The Chubb Corporation reported that net income in the fourth quarter of 2003 was $72.3 million or $0.38 per share, compared to net income of $56.6 million or $0.33 per share in the fourth quarter of 2002.
Operating income, which the company defines as net income excluding after-tax realized investment gains and losses, was $73.1 million or $0.38 per share in the fourth quarter of 2003, compared to operating income of $83.7 million or $0.48 per share in the fourth quarter of 2002.
Chubb’s financial results for the fourth quarter of 2003 included:
— A $250 million pre-tax ($0.86 per share after-tax) increase in net asbestos loss reserves;
— A pre-tax loss of $96 million ($0.33 per share after-tax) from the non-insurance business of Chubb Financial Solutions (CFS), related entirely to an agreement that caps Chubb’s exposure from two credit derivative contracts that had experienced deterioration in credit quality; and
— A $40 million ($0.21 per share) credit for the reversal of a tax
valuation allowance related to the future U.S. tax benefit of European losses.
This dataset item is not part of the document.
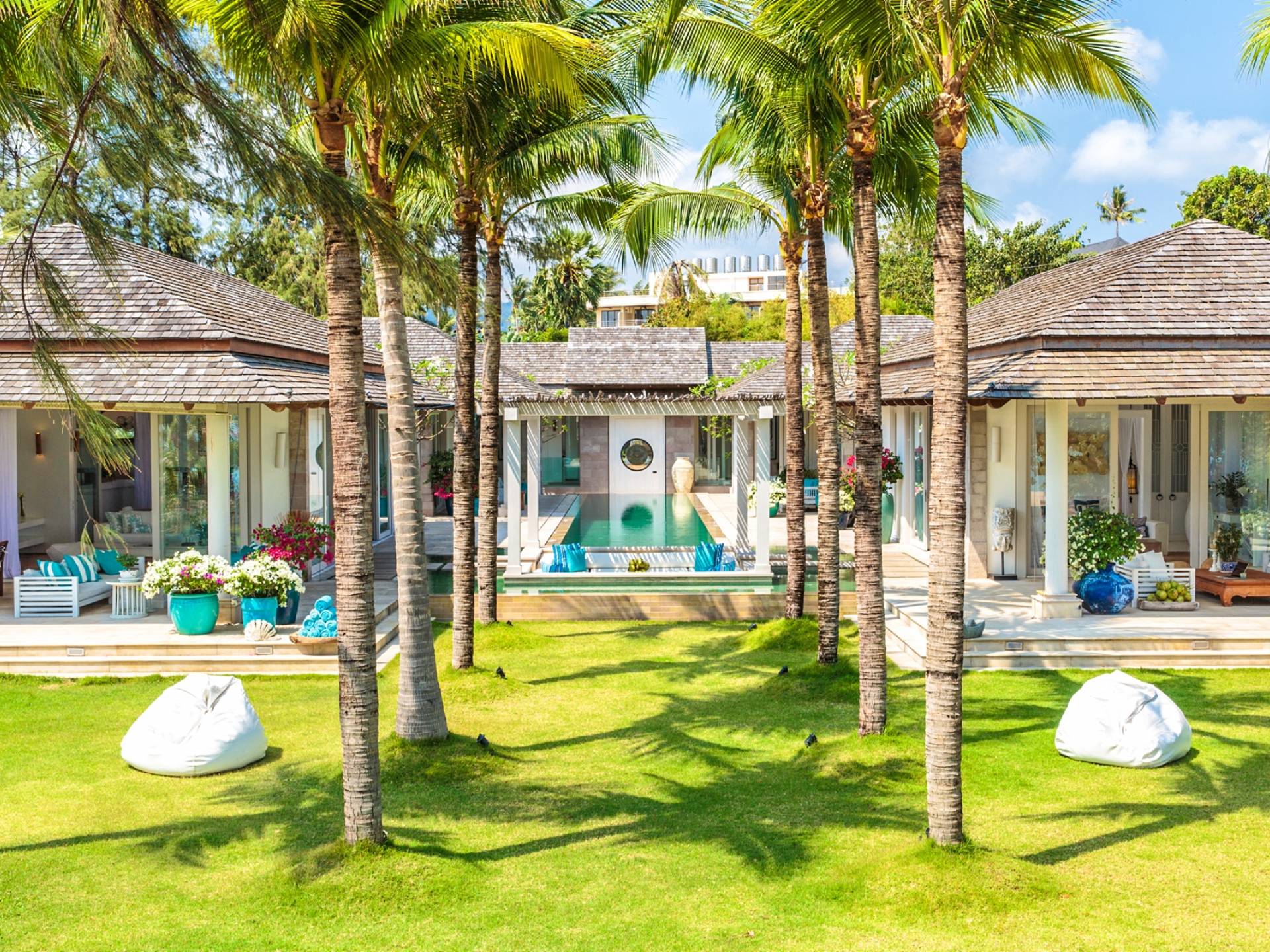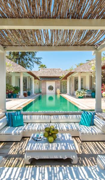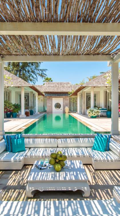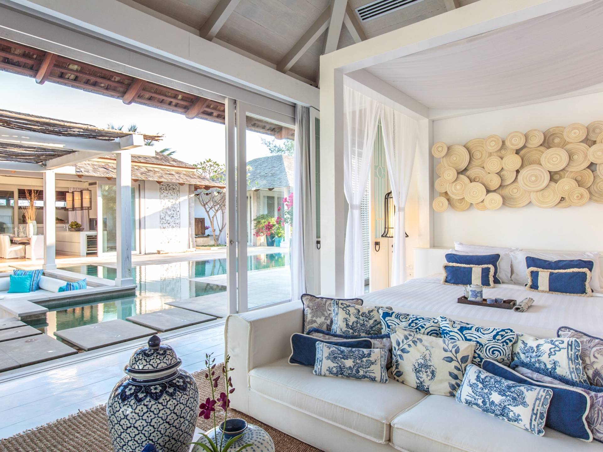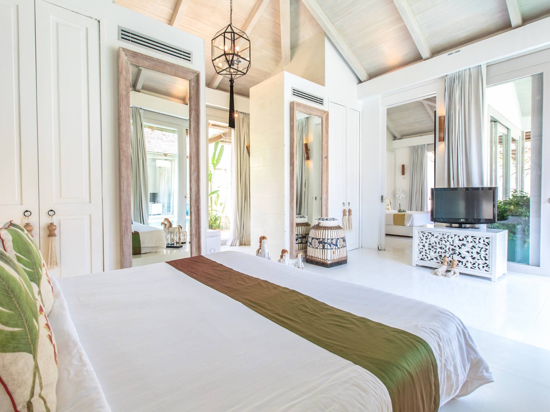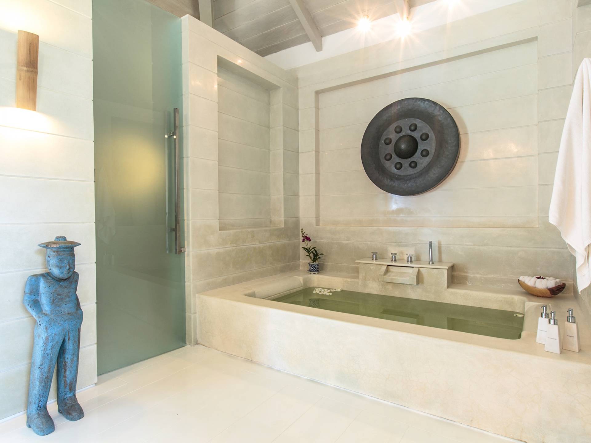 Напротив главной спальни, с правой стороны, современная кухня и столовая выходят на океан. В гостиной есть еще одна обеденная зона на улице. Резиденция состоит из трех павильонов, расположенных вокруг великолепного 23-метрового плавательного бассейна, облицованного балийскими зелеными камнями. Бассейн окружает огромную крытую беседку с удобными креслами. В дальнем конце бассейн становится мельче и позволяет маленьким детям безопасно плавать. Элегантно обставленные спальни оснащены кроватями размера "king-size", ЖК-телевизором с Netflix, встроенными шкафами, персональными сейфами, мини-барами и большими зеркалами. Каждая спальня имеет собственную ванную комнату с тропическим душем, двумя раковинами и небольшим частным садом с тропическими растениями с тропическим душем на открытом воздухе или роскошной ванной из терраццо. Все спальни выходят на бассейн и имеют прямой доступ к террасе у бассейна.

Fourth quarter results for 2002 included a $75 million pre-tax ($0.29 per share after-tax) increase in net asbestos loss reserves reflecting a reduction in the reinsurance recoverable estimate and a $40 million ($0.23 per share) charge to establish a tax valuation allowance related to the future U.S. tax benefit of European losses.
Chubb adopted the fair value method of accounting for stock-based employee compensation as of Jan. 1, 2003. The per-share amounts for the fourth quarter of 2003 reflect a charge of $0.05 for the expensing of stock options, compared to no charge in 2002.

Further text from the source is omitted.